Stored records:
____

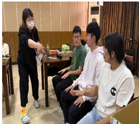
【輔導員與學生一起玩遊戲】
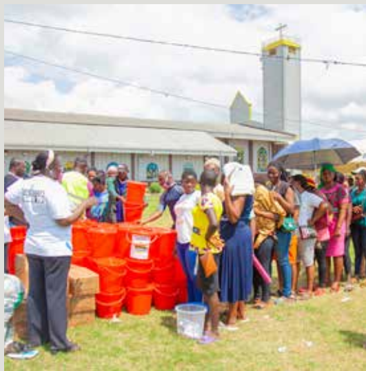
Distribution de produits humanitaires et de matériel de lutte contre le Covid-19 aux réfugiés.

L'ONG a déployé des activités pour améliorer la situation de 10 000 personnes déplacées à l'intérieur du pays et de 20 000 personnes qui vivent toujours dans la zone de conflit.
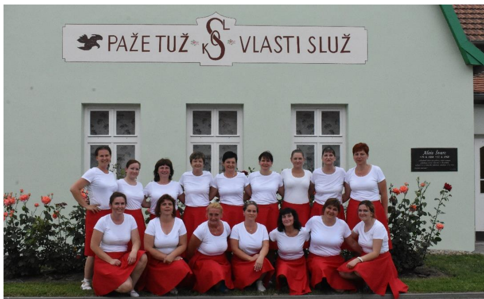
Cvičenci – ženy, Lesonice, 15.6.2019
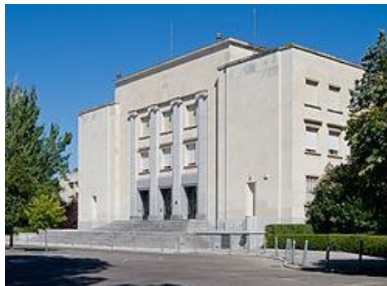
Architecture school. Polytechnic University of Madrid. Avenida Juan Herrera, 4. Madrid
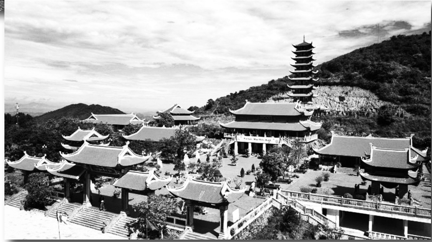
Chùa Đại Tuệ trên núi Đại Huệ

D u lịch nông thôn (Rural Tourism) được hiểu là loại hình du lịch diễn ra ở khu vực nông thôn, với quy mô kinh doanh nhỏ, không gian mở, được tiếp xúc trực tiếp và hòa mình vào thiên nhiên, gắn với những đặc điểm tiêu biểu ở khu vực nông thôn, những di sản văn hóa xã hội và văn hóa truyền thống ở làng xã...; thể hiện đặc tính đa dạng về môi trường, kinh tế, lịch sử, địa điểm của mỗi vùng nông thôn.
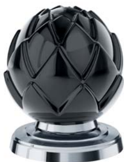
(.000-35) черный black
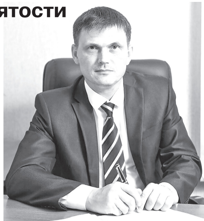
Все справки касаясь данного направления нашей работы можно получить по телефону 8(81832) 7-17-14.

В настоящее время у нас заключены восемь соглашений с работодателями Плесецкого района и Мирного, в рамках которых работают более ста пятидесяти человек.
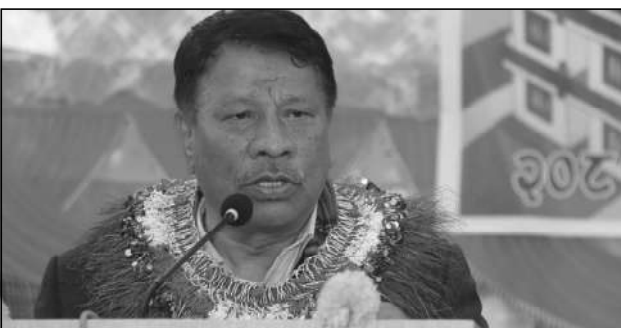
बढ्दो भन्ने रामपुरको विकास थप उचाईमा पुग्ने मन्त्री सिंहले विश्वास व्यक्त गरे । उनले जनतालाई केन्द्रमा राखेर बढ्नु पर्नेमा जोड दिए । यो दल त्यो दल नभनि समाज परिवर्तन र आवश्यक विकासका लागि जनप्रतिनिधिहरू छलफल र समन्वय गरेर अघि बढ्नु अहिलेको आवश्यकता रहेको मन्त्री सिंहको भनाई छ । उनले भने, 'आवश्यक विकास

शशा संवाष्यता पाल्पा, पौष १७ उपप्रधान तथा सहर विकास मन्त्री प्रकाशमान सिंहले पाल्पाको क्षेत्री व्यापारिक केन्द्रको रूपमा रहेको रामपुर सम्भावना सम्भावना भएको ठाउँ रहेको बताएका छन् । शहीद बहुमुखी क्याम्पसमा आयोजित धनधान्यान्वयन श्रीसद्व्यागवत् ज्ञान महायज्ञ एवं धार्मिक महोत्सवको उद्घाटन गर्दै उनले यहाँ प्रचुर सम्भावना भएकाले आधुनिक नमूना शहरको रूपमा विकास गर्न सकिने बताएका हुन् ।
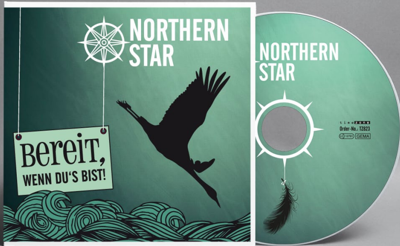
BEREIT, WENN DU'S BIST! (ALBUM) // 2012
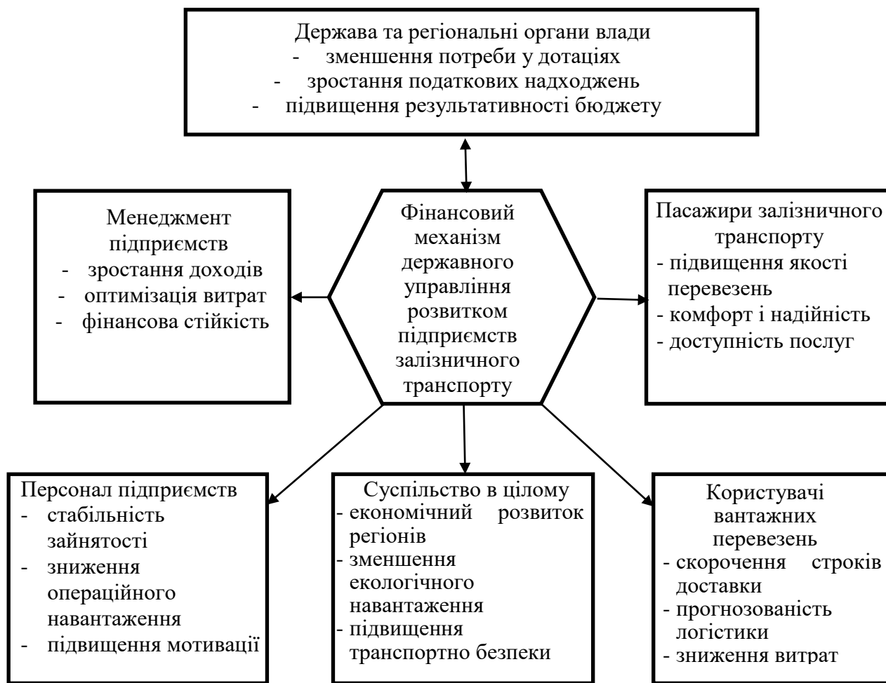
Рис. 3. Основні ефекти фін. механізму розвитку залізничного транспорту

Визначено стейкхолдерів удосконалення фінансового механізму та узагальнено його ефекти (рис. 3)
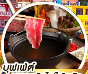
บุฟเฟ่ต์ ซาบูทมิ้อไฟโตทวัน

____

Above are records to transcribe exactly; leave their pictures out.

【輔導員與學生一起玩遊戲】
Distribution de produits humanitaires et de matériel de lutte contre le Covid-19 aux réfugiés.

L'ONG a déployé des activités pour améliorer la situation de 10 000 personnes déplacées à l'intérieur du pays et de 20 000 personnes qui vivent toujours dans la zone de conflit.
Cvičenci – ženy, Lesonice, 15.6.2019
Architecture school. Polytechnic University of Madrid. Avenida Juan Herrera, 4. Madrid
Chùa Đại Tuệ trên núi Đại Huệ

D u lịch nông thôn (Rural Tourism) được hiểu là loại hình du lịch diễn ra ở khu vực nông thôn, với quy mô kinh doanh nhỏ, không gian mở, được tiếp xúc trực tiếp và hòa mình vào thiên nhiên, gắn với những đặc điểm tiêu biểu ở khu vực nông thôn, những di sản văn hóa xã hội và văn hóa truyền thống ở làng xã...; thể hiện đặc tính đa dạng về môi trường, kinh tế, lịch sử, địa điểm của mỗi vùng nông thôn.
(.000-35) черный black
Все справки касаясь данного направления нашей работы можно получить по телефону 8(81832) 7-17-14.

В настоящее время у нас заключены восемь соглашений с работодателями Плесецкого района и Мирного, в рамках которых работают более ста пятидесяти человек.
बढ्दो भन्ने रामपुरको विकास थप उचाईमा पुग्ने मन्त्री सिंहले विश्वास व्यक्त गरे । उनले जनतालाई केन्द्रमा राखेर बढ्नु पर्नेमा जोड दिए । यो दल त्यो दल नभनि समाज परिवर्तन र आवश्यक विकासका लागि जनप्रतिनिधिहरू छलफल र समन्वय गरेर अघि बढ्नु अहिलेको आवश्यकता रहेको मन्त्री सिंहको भनाई छ । उनले भने, 'आवश्यक विकास

शशा संवाष्यता पाल्पा, पौष १७ उपप्रधान तथा सहर विकास मन्त्री प्रकाशमान सिंहले पाल्पाको क्षेत्री व्यापारिक केन्द्रको रूपमा रहेको रामपुर सम्भावना सम्भावना भएको ठाउँ रहेको बताएका छन् । शहीद बहुमुखी क्याम्पसमा आयोजित धनधान्यान्वयन श्रीसद्व्यागवत् ज्ञान महायज्ञ एवं धार्मिक महोत्सवको उद्घाटन गर्दै उनले यहाँ प्रचुर सम्भावना भएकाले आधुनिक नमूना शहरको रूपमा विकास गर्न सकिने बताएका हुन् ।
BEREIT, WENN DU'S BIST! (ALBUM) // 2012
Рис. 3. Основні ефекти фін. механізму розвитку залізничного транспорту

Визначено стейкхолдерів удосконалення фінансового механізму та узагальнено його ефекти (рис. 3)
บุฟเฟ่ต์ ซาบูทมิ้อไฟโตทวัน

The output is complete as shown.